Annales venetici breves.
Марко Барабассо очнулся от жуткого кошмара, в котором его закопали в землю так, что лишь голова торчала наружу, и долго били колотушкой по затылку. Он попытался подняться, но с ужасом понял, что ничего не видит и не в состоянии пошевелить ни рукой, ни ногой, а голова от боли и впрямь вот-вот разлетится на куски, будто перебродивший египетский арбуз. Марко дико завопил и стал биться и извиваться всем телом, как уторь на жаровне, и через несколько секунд умудрился выпростать руку из окутавших его пелен. Дальше было проще. Выпутавшись из тенет, оказавшихся влажным от росы куском парусины, в который Марко, видать, сам и замотался во сне, и попытавшись встать на колени, он тотчас схлопотал увесистую мокрую оплеуху ветра, повалился на спину и проснулся окончательно. Разлепить глаза не получилось — так бывает, когда ресничие из шалости сплетают спящему нижние и верхние ресницы в косички. Тут надобно запастись терпением и подождать, пока от слез они не распустятся сами.

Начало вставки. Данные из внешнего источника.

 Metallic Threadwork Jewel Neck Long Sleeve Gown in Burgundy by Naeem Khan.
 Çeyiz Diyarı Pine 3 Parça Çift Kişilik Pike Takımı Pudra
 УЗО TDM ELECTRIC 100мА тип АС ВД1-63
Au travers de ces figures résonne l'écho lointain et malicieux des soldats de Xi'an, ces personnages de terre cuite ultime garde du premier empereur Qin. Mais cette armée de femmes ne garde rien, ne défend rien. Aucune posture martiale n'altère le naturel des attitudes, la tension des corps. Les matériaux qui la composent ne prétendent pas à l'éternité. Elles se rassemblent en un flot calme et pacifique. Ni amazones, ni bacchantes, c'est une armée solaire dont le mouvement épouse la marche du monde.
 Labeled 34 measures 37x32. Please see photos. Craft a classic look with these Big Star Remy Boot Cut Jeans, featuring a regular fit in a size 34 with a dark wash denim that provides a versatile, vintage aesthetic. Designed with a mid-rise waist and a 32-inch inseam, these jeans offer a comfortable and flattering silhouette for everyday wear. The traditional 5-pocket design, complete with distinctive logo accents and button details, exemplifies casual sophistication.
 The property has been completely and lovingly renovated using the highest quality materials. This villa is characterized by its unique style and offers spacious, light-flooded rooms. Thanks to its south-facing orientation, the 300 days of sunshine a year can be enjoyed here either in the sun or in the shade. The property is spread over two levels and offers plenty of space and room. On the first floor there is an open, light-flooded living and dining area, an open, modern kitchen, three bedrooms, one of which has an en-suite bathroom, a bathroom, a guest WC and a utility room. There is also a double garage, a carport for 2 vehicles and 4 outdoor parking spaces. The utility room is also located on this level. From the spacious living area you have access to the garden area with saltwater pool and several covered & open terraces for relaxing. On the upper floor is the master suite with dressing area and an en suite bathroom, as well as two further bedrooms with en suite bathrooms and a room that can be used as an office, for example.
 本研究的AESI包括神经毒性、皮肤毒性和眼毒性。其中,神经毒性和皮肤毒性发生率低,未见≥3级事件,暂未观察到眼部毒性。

Марко знал об этом и потому сосредоточился, насколько это позволила гудящая голова, на звуках. Судя по размеренным ударам тимпана,[20] парусному хлопанью, деревянным скрипам и водяному плеску, он находился там, где и должен был, — на своей galia,[21] а судя по качке и ветру — in alto mare.[22] Барабанный ритм внезапно изменился — за сильным ударом тотчас следовал слабый, и это означало, что гребцы по левому борту пропускают гребок, и галера принимает влево гораздо быстрее, чем с помощью одного лишь руля. «Заметили риф, — подумал Марко, — или поворачиваем домой. Только это вряд ли. Ох, господи, что ж это с башкой творится?»